From here we navigated to the databases console within the RDS console, and refreshed the screen. After doing so we were able to see the general structure of the Aurora cluster via the UI. We were able to see that the Aurora cluster is a regional construct using the Aurora-MySQL engine, and in this case it was deployed in us-east-1. This cluster also had two instances associated with it, and information about the instances was also available, there being a writer and reader instance in this case, and these were deployed into different AZ’s within the same region. It was noted that because of this deployment, the Aurora cluster can cope with the failure of any single availability zone in the region and continue operating with a brief outage.

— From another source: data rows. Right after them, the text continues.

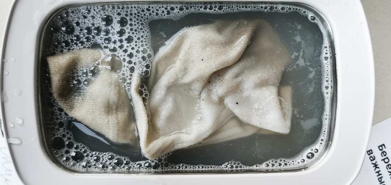 Носок пробыл в ванночке два цикла по 5 минут, после чего был извлечен. В сыром изменения были не особо заметны.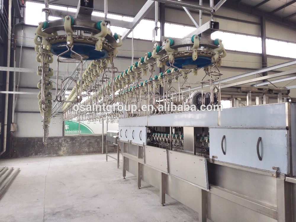 Slaughtering processing line is commonly applied to slaughtering poultry. The poultry to be slaughtered are put on the slaughtering transportation line, and the slaughtering transportation line is designed for transporting slaughtered chickens or ducks. In the process, work forces are reduced greatly. Besides, the set of equipment has a significant role in saving time and improving the production efficiency. And the equipment has an early iron capacity of 1000 ~ 12000 per hour.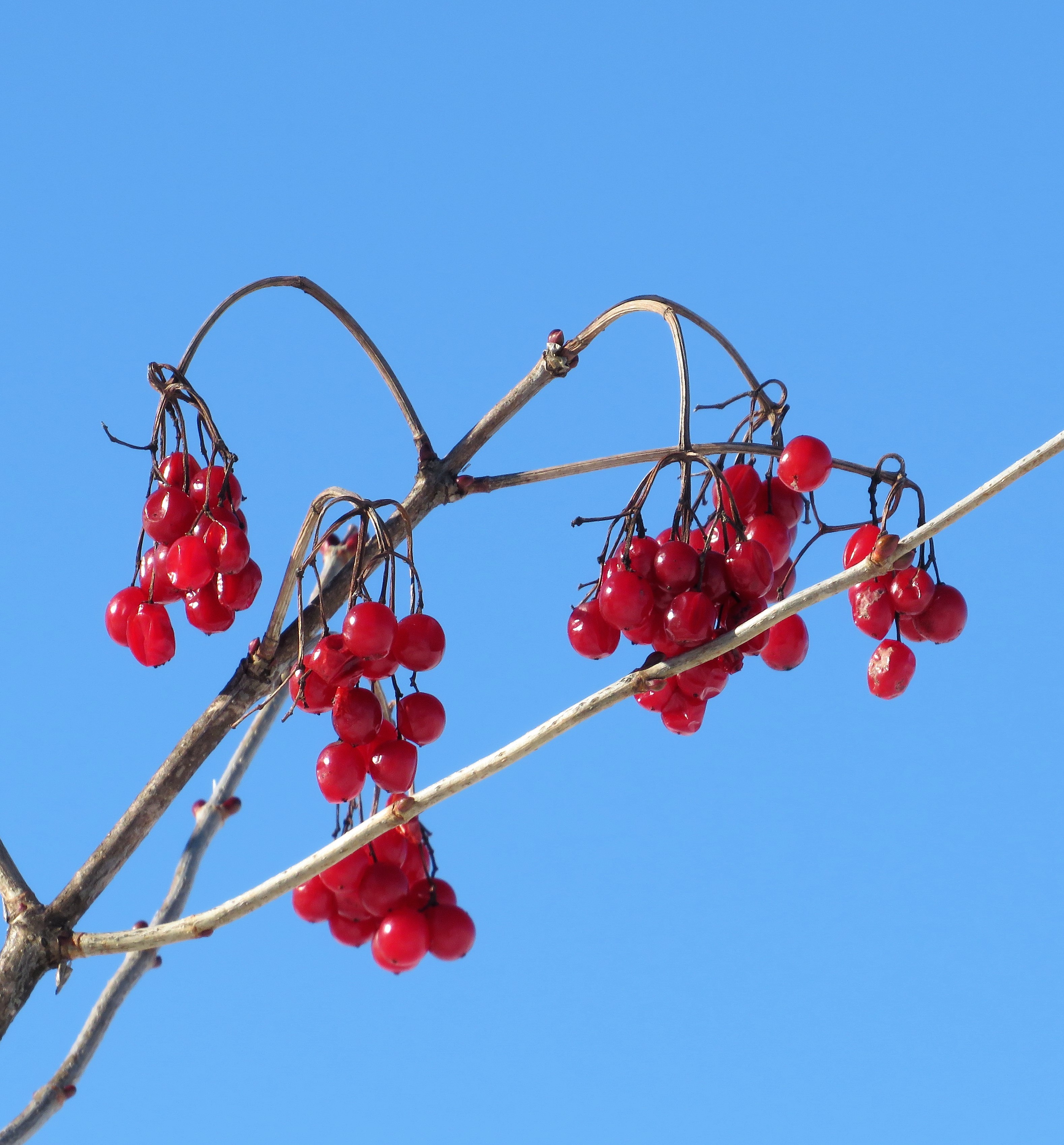 The wild birds by about 200 give or take a few dozen on any given day are thriving on their BOSS.. While they have cleared all the other trees, the seed bearing grasses they are not eating the high bush cranberry fruit.. spoiled birds lol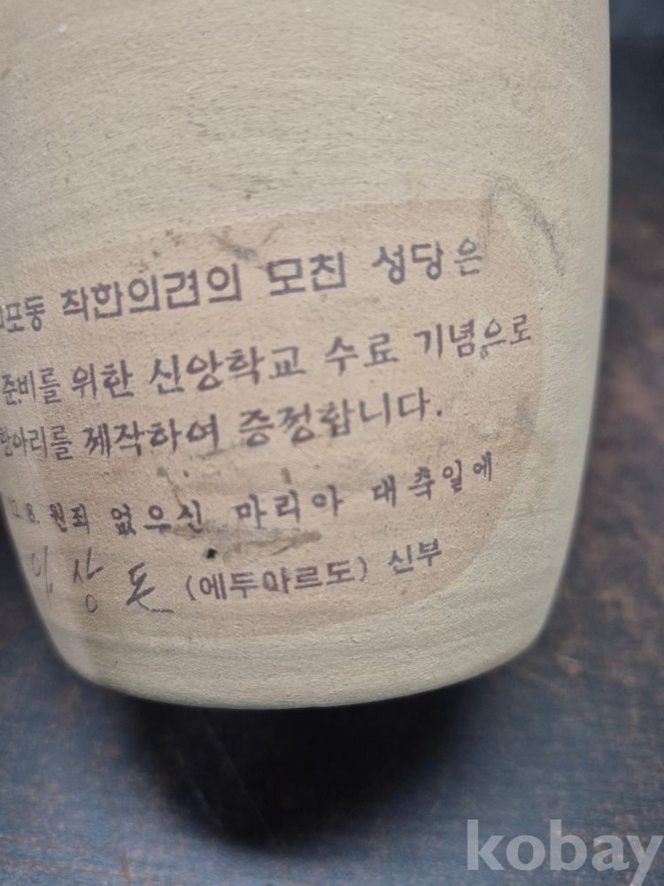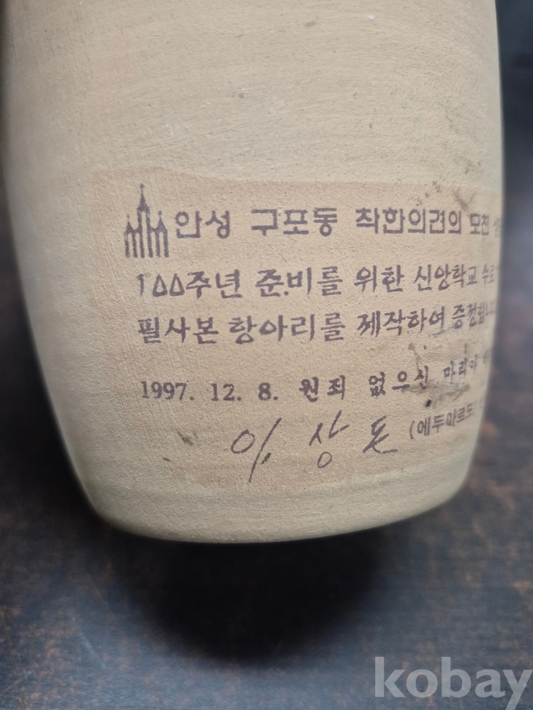 1997년 경기도 안성 구포동 성당 100주년 준비를 위한 신앙하교 수료 기념 필사본 항아리 355번째 항아리 10*10*22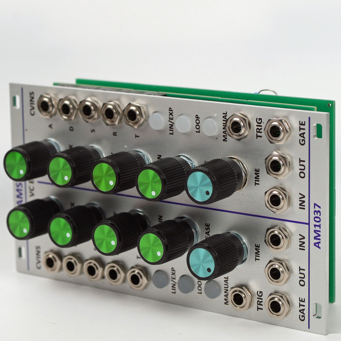 The attach, decay, sustain and release times of the AM1037 can be controlled by the control knobs and/or external CV signals that are patched into the module. The A, D and R stage timings can be varied from 1ms to 10 seconds, the timing can be adjusted by a factor of 100 either manually or by voltage control.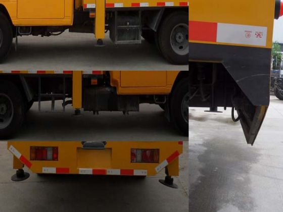 | 整車說明: | 專用裝置前伸1070mm。側(cè)防護采用Q235A冷彎型鋼,螺栓連接;后防護與專用裝置連為一體,下邊緣離地高500mm。 | ||
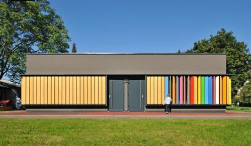 游戲室的一面墻與主樓相接,另外三面墻壁全部由木板組成,這些木板就如同百葉窗的葉片,可以繞著中央的金屬軸轉動。木板的一面保留木材的原色,另外一面總共刷上了9種鮮艷的顏色,拼在一起就像是彩色的琴鍵。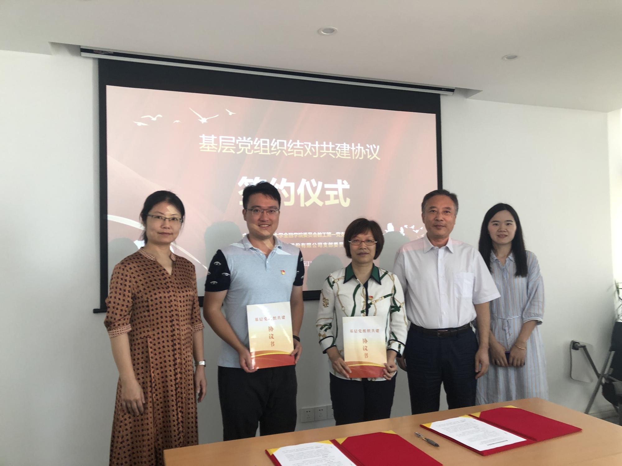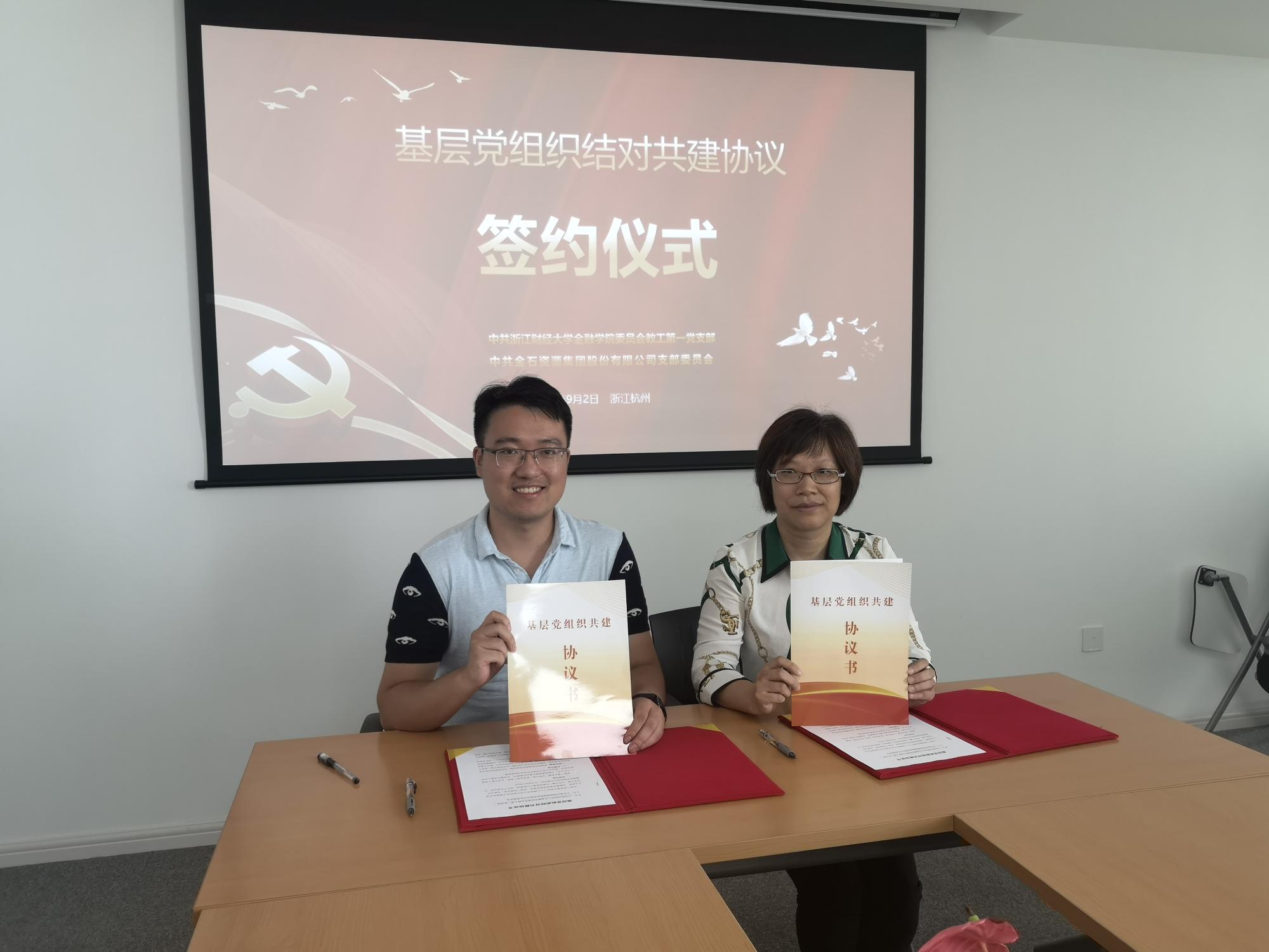 9月2日,水果派 教工第一党支部与金石资源集团股份有限公司党支部举行基层党组织结对共建签约仪式。金石资源集团股份有限公司副总裁、董事会秘书97届投资金融系校友戴水君,金石资源证券事务代表、党支部组织委员张钧惠,水果派 党委书记蔡国金,党委副书记谢敏,教工第一党支部书记金骋路,专职组织员翟丽媛出席签约仪式

This was followed up by a review of how Aurora clusters are differently interacted with than normal RDS. Where normal RDS has a primary instance and optionally a standby instance, and where that standby instance can’t be used for any operations, only failover, with Aurora you can provision multiple replicas, each of which can be located in the same or different AZ’s. Also, multiple replicas can be used for read and write functionality, or, as in the case at present, we have one write replica and one read replica. Unlike RDS, these additional replicas can be used to scale read capacity. The way this is achieved is through providing each cluster with a number of endpoints. The first endpoint is the cluster endpoint, which will always communicate with any instances capable of performing reads and writes. The other endpoint options are write and read endpoints, which map to their respective replica types. Also, because Aurora uses cluster shared storage, all the replicas will communicate with the same storage. So if there is a need to provision more instances or perform a failover operation, they tend to be much quicker than using normal RDS, because they are all using the same shared storage.
Another option is to create custom endpoint which point at specific subsets of instances within the cluster.
After this we took a snapshot of the writer instance for use in an upcoming lesson on serverless architecture. After this we looked at using local media storage for persistent storage. We learned why this was necessary by taking the public ip for the EC2 instance that was created from the snapshot restore and opening the blog in a new tab. Everything loaded normally except that the cat pictures were missing. It was explained that when we terminated our last session, we terminated the local EC2 instance from that session, and the images we need were stored on that EC2 instance, so even though we have all the DB metadata, the images themselves were locally hosted, so they were destroyed when the session was terminated. The point here was to understand that restoring a snapshot creates a new EC2 instance, and for this reason we need persistent storage for anything that may have been residing on a created EC2 instance.